## PROBLEM TO WORK ON
Beginning at the line that contains "peter rabbit Ces", reproduce the entries below exactly, ending with the line that contains "Die wichtige Kurzverbindung". Omit each picture.

## Records contained in a dataset
+===+

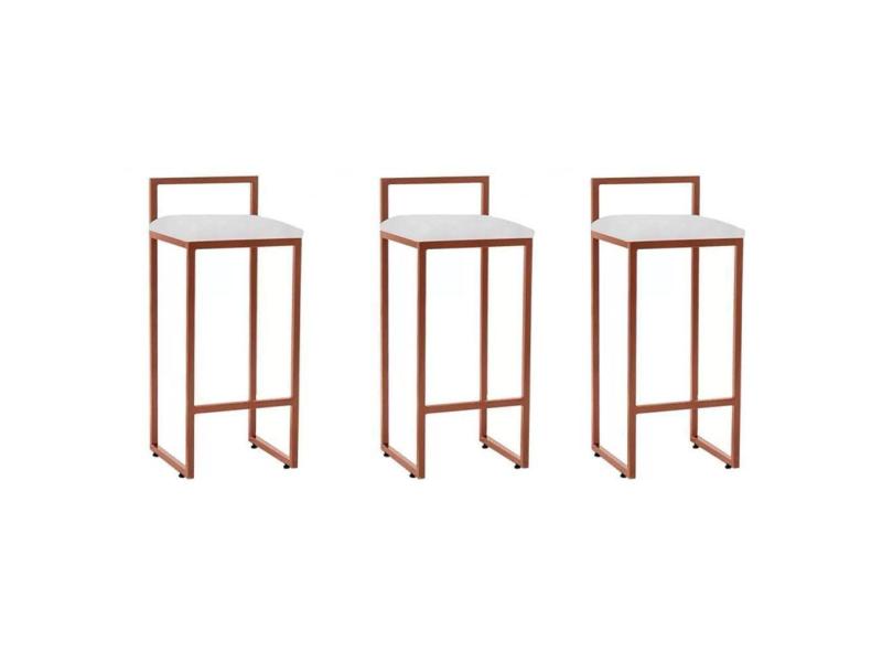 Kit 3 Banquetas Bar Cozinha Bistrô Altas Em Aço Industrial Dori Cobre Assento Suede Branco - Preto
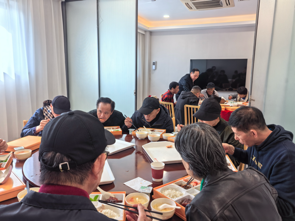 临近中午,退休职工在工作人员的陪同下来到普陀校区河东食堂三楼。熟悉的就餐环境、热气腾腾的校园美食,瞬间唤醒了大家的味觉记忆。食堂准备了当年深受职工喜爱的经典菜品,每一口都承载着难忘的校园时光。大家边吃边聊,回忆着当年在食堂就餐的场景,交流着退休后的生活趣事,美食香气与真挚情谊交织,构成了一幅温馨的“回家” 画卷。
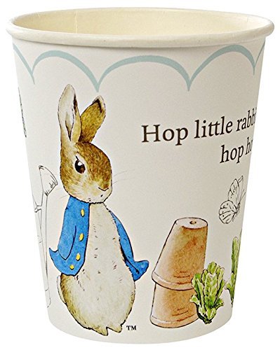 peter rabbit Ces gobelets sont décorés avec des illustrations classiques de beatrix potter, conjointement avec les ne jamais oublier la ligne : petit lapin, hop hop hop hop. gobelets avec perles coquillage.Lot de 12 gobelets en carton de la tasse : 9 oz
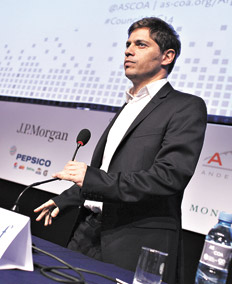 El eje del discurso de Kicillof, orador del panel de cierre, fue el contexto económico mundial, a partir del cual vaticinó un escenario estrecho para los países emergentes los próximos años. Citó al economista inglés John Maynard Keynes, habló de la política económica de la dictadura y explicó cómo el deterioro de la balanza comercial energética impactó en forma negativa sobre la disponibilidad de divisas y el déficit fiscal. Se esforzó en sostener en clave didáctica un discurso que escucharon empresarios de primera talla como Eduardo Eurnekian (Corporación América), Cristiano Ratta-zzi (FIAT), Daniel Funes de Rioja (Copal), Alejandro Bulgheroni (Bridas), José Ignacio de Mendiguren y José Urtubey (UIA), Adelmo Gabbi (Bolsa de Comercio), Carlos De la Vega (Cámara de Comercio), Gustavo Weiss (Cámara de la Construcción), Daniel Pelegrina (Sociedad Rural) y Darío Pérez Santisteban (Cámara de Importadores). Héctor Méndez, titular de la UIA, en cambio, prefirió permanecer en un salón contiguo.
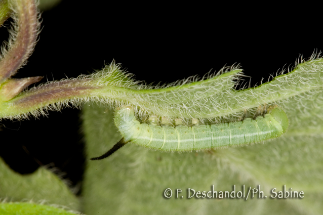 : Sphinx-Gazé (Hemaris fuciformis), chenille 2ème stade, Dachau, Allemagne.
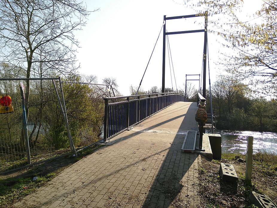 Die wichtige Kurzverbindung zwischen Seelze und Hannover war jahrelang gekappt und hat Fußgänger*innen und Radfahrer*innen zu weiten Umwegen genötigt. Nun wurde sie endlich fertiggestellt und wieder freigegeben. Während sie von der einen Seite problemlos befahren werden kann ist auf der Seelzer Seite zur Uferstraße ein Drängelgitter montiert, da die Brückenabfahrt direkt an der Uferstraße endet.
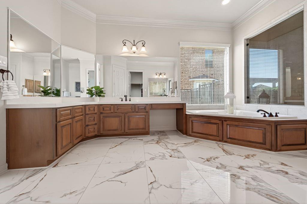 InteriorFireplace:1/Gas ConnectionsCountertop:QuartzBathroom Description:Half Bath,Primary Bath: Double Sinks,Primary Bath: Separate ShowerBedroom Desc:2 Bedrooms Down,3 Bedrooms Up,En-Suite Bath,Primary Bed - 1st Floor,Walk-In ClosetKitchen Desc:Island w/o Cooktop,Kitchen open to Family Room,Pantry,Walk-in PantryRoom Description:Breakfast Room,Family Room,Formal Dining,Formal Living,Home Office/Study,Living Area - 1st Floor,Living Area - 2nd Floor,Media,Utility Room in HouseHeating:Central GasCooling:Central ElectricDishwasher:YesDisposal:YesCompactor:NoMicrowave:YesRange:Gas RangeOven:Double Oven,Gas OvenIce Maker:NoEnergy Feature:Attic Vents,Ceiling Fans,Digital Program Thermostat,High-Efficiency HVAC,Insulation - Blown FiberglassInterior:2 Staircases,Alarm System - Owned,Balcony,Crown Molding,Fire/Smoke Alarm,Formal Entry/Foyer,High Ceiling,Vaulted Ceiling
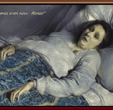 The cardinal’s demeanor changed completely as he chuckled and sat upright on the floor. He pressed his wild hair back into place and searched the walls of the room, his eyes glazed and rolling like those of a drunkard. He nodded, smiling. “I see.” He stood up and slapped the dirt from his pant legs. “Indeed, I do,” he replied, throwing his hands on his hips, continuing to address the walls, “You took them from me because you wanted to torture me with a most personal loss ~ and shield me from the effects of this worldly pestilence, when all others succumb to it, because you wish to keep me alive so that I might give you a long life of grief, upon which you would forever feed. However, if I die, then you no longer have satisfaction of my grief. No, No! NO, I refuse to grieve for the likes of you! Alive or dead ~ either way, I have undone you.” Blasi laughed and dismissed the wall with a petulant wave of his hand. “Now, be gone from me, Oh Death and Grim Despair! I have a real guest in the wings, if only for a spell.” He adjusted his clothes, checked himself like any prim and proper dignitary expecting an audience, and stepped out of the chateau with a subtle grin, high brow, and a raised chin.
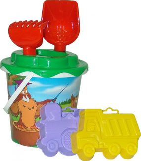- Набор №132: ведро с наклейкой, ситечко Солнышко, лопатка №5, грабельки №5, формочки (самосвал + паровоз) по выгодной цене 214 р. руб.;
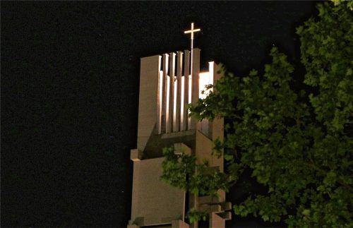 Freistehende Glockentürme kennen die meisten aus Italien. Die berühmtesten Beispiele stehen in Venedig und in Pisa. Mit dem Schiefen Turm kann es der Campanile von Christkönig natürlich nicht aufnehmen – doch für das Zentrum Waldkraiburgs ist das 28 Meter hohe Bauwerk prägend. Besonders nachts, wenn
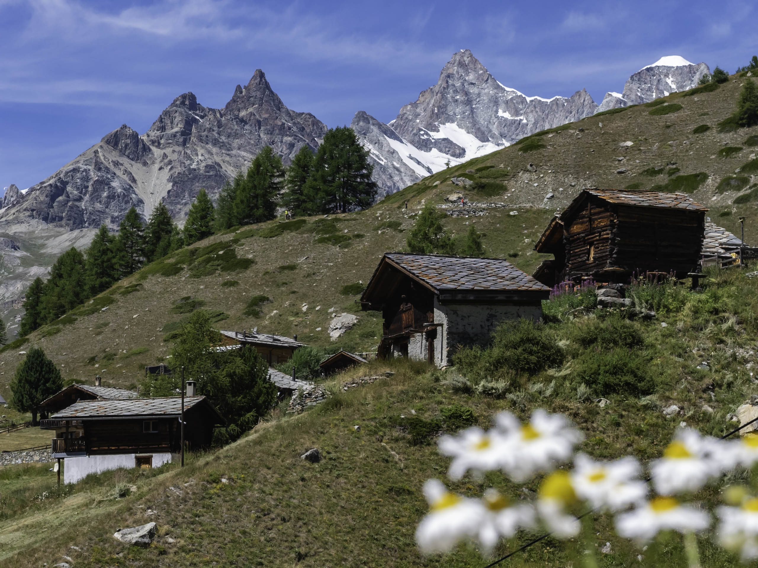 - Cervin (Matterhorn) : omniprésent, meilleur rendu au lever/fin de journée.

+===+

## COMPLETED TASK
 peter rabbit Ces gobelets sont décorés avec des illustrations classiques de beatrix potter, conjointement avec les ne jamais oublier la ligne : petit lapin, hop hop hop hop. gobelets avec perles coquillage.Lot de 12 gobelets en carton de la tasse : 9 oz
 El eje del discurso de Kicillof, orador del panel de cierre, fue el contexto económico mundial, a partir del cual vaticinó un escenario estrecho para los países emergentes los próximos años. Citó al economista inglés John Maynard Keynes, habló de la política económica de la dictadura y explicó cómo el deterioro de la balanza comercial energética impactó en forma negativa sobre la disponibilidad de divisas y el déficit fiscal. Se esforzó en sostener en clave didáctica un discurso que escucharon empresarios de primera talla como Eduardo Eurnekian (Corporación América), Cristiano Ratta-zzi (FIAT), Daniel Funes de Rioja (Copal), Alejandro Bulgheroni (Bridas), José Ignacio de Mendiguren y José Urtubey (UIA), Adelmo Gabbi (Bolsa de Comercio), Carlos De la Vega (Cámara de Comercio), Gustavo Weiss (Cámara de la Construcción), Daniel Pelegrina (Sociedad Rural) y Darío Pérez Santisteban (Cámara de Importadores). Héctor Méndez, titular de la UIA, en cambio, prefirió permanecer en un salón contiguo.
 : Sphinx-Gazé (Hemaris fuciformis), chenille 2ème stade, Dachau, Allemagne.
 Die wichtige Kurzverbindung zwischen Seelze und Hannover war jahrelang gekappt und hat Fußgänger*innen und Radfahrer*innen zu weiten Umwegen genötigt. Nun wurde sie endlich fertiggestellt und wieder freigegeben. Während sie von der einen Seite problemlos befahren werden kann ist auf der Seelzer Seite zur Uferstraße ein Drängelgitter montiert, da die Brückenabfahrt direkt an der Uferstraße endet.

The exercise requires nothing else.